Supplied records —
____

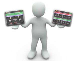 ProScore does not require you to walk to the computer frequently. In fact, you can do the scoring from a mobile device on the same network (LAN), such as iphone, android phone, iPad, laptop, tablet etc. There is no app to install, the remote control is accessed through a web browser on your Wi Fi device.
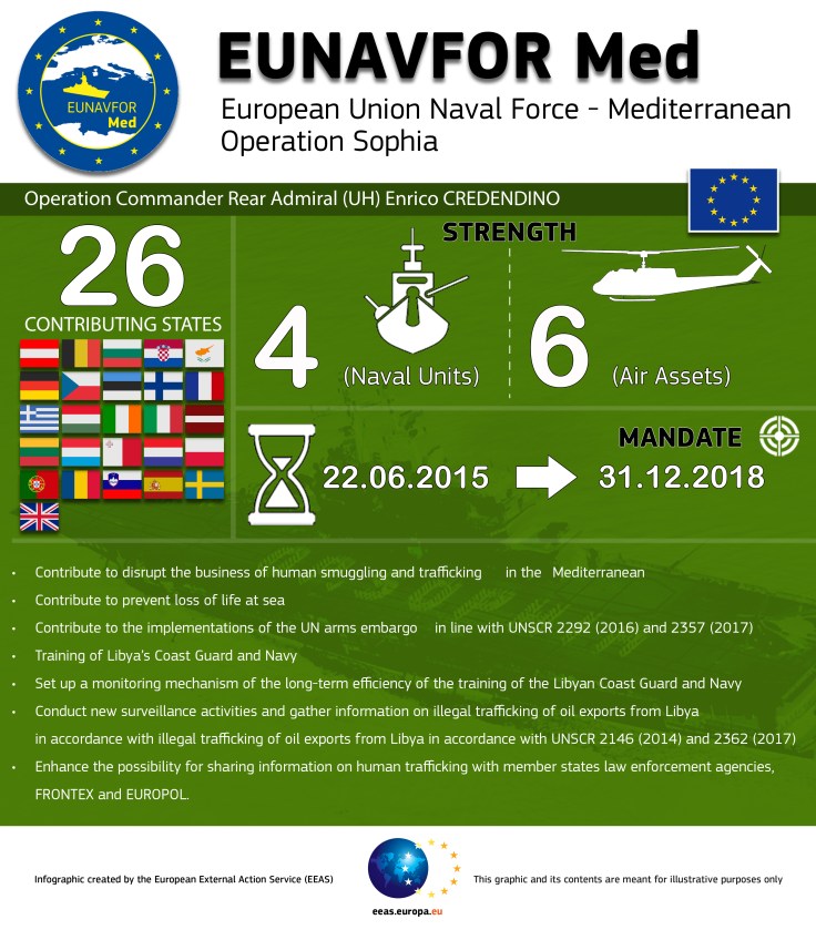 As part of this, the other EU member states agreed to strengthen the EU’s ’presence at sea, to fight the traffickers, to prevent illegal migration flows and to reinforce internal solidarity and responsibility’. The EU also made the decision to initiate a Common Foreign and Security Policy’s (CSDP) crisis management operation within the framework of the EU’s Maritime Security Strategy. Originally referred to as EUNAVFOR MED, the operation was later renamed ‘Sophia’ at the proposal of the High Representative Federica Mogherini after a baby born on board of one of the ships participating in the operation.
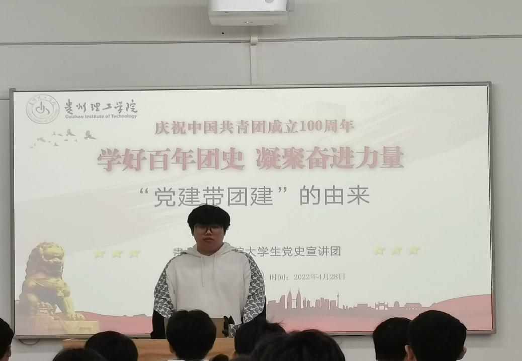 本网讯(建规学院 王旭阳)为庆祝中国共青团成立100周年,大力弘扬五四精神,展示蓬勃向上的青春力量,贵州理工学院大学生党史宣讲团成员、建筑与城市规划学院城规201班王旭阳同学于2022年4月28日晚在G3302教室为智能201班及网络201班全体同学开展主题为“学好百年团史 凝聚奋进力量之党建带团建的由来”的宣讲会。
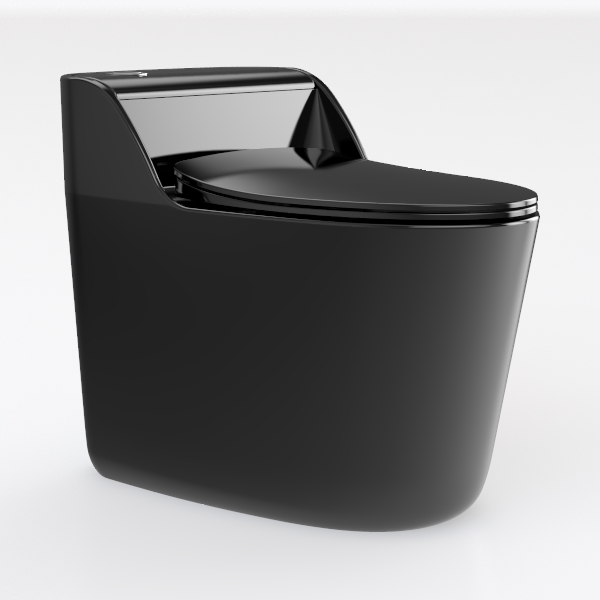 WinZo Square One Piece Toilet Black With Gold Button For Modern Bathroom,Diamond-shaped Sleek Design Elonagted Rectangle 17" Comfort Bowl,Glossy Black
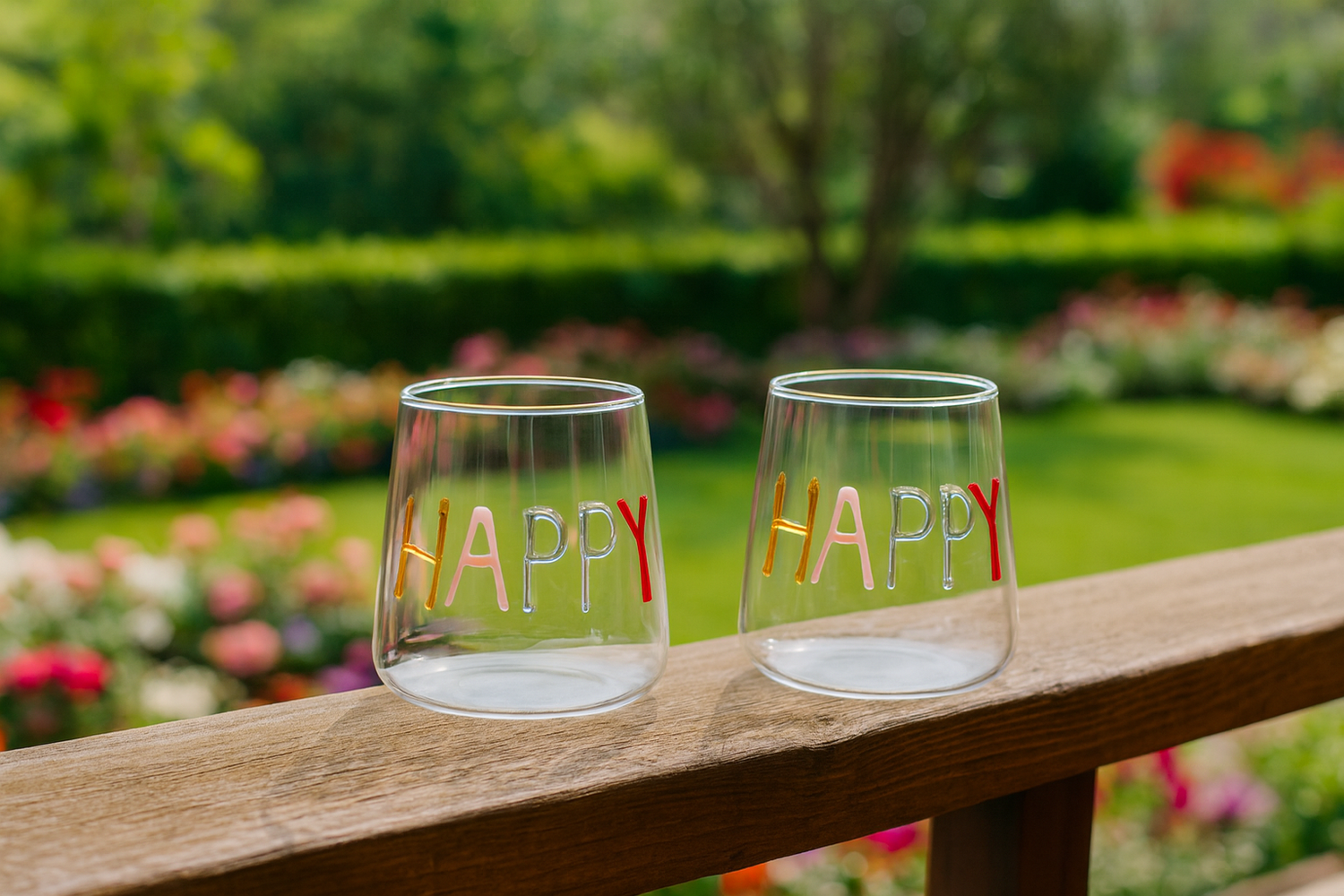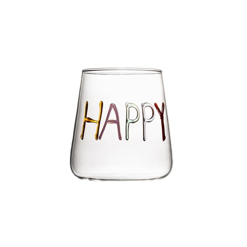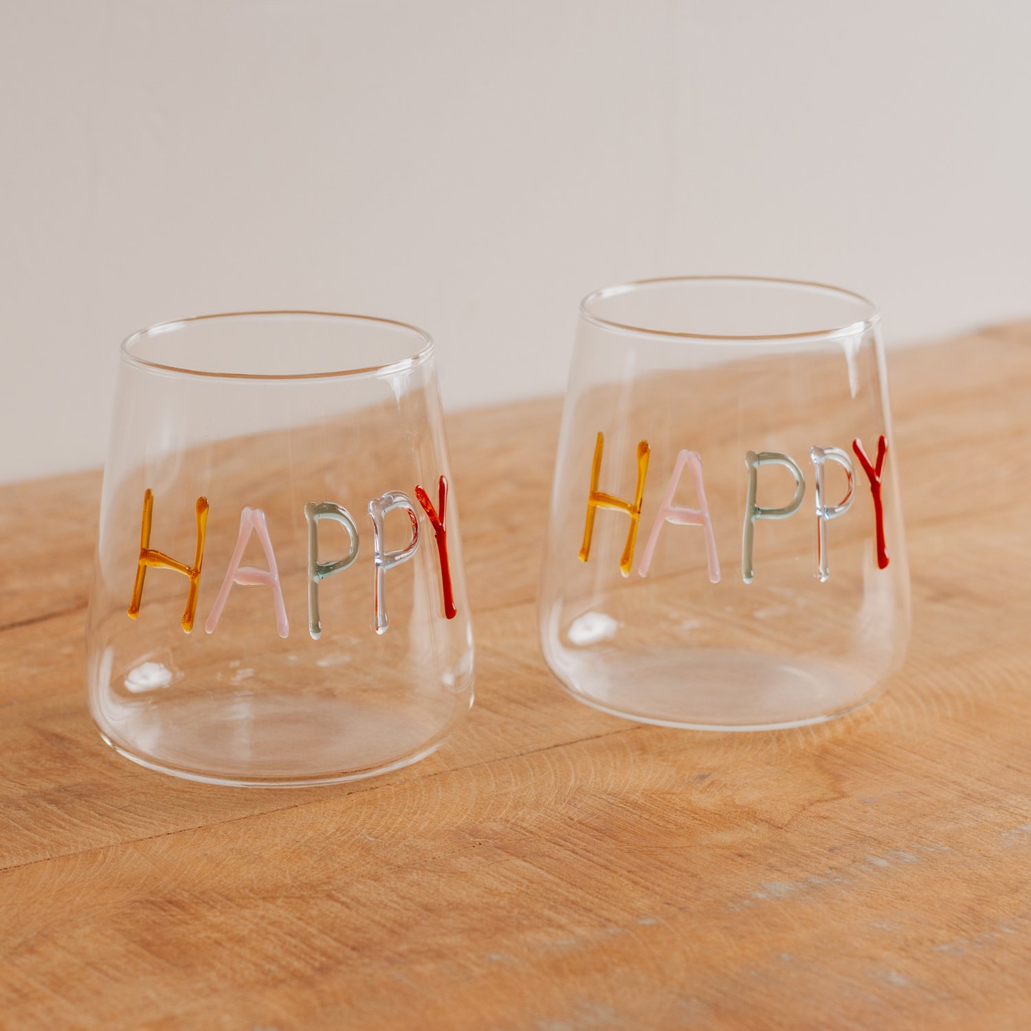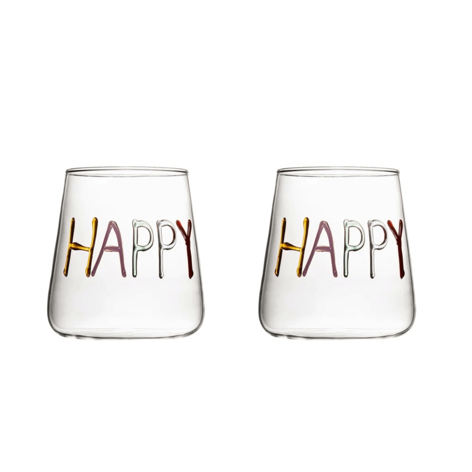 Jogo de 2 copos em vidro borossilicato com delicado alto relevo com a palavra HAPPY, que significa feliz, em inglês. Possuem capacidade para 450 ml e são ideais para servir bebidas ou decorar a cozinha.

____

Required work —
Repeat the entries verbatim; no pictures.

Output below —
 ProScore does not require you to walk to the computer frequently. In fact, you can do the scoring from a mobile device on the same network (LAN), such as iphone, android phone, iPad, laptop, tablet etc. There is no app to install, the remote control is accessed through a web browser on your Wi Fi device.
 As part of this, the other EU member states agreed to strengthen the EU’s ’presence at sea, to fight the traffickers, to prevent illegal migration flows and to reinforce internal solidarity and responsibility’. The EU also made the decision to initiate a Common Foreign and Security Policy’s (CSDP) crisis management operation within the framework of the EU’s Maritime Security Strategy. Originally referred to as EUNAVFOR MED, the operation was later renamed ‘Sophia’ at the proposal of the High Representative Federica Mogherini after a baby born on board of one of the ships participating in the operation.
 本网讯(建规学院 王旭阳)为庆祝中国共青团成立100周年,大力弘扬五四精神,展示蓬勃向上的青春力量,贵州理工学院大学生党史宣讲团成员、建筑与城市规划学院城规201班王旭阳同学于2022年4月28日晚在G3302教室为智能201班及网络201班全体同学开展主题为“学好百年团史 凝聚奋进力量之党建带团建的由来”的宣讲会。
 WinZo Square One Piece Toilet Black With Gold Button For Modern Bathroom,Diamond-shaped Sleek Design Elonagted Rectangle 17" Comfort Bowl,Glossy Black
 Jogo de 2 copos em vidro borossilicato com delicado alto relevo com a palavra HAPPY, que significa feliz, em inglês. Possuem capacidade para 450 ml e são ideais para servir bebidas ou decorar a cozinha.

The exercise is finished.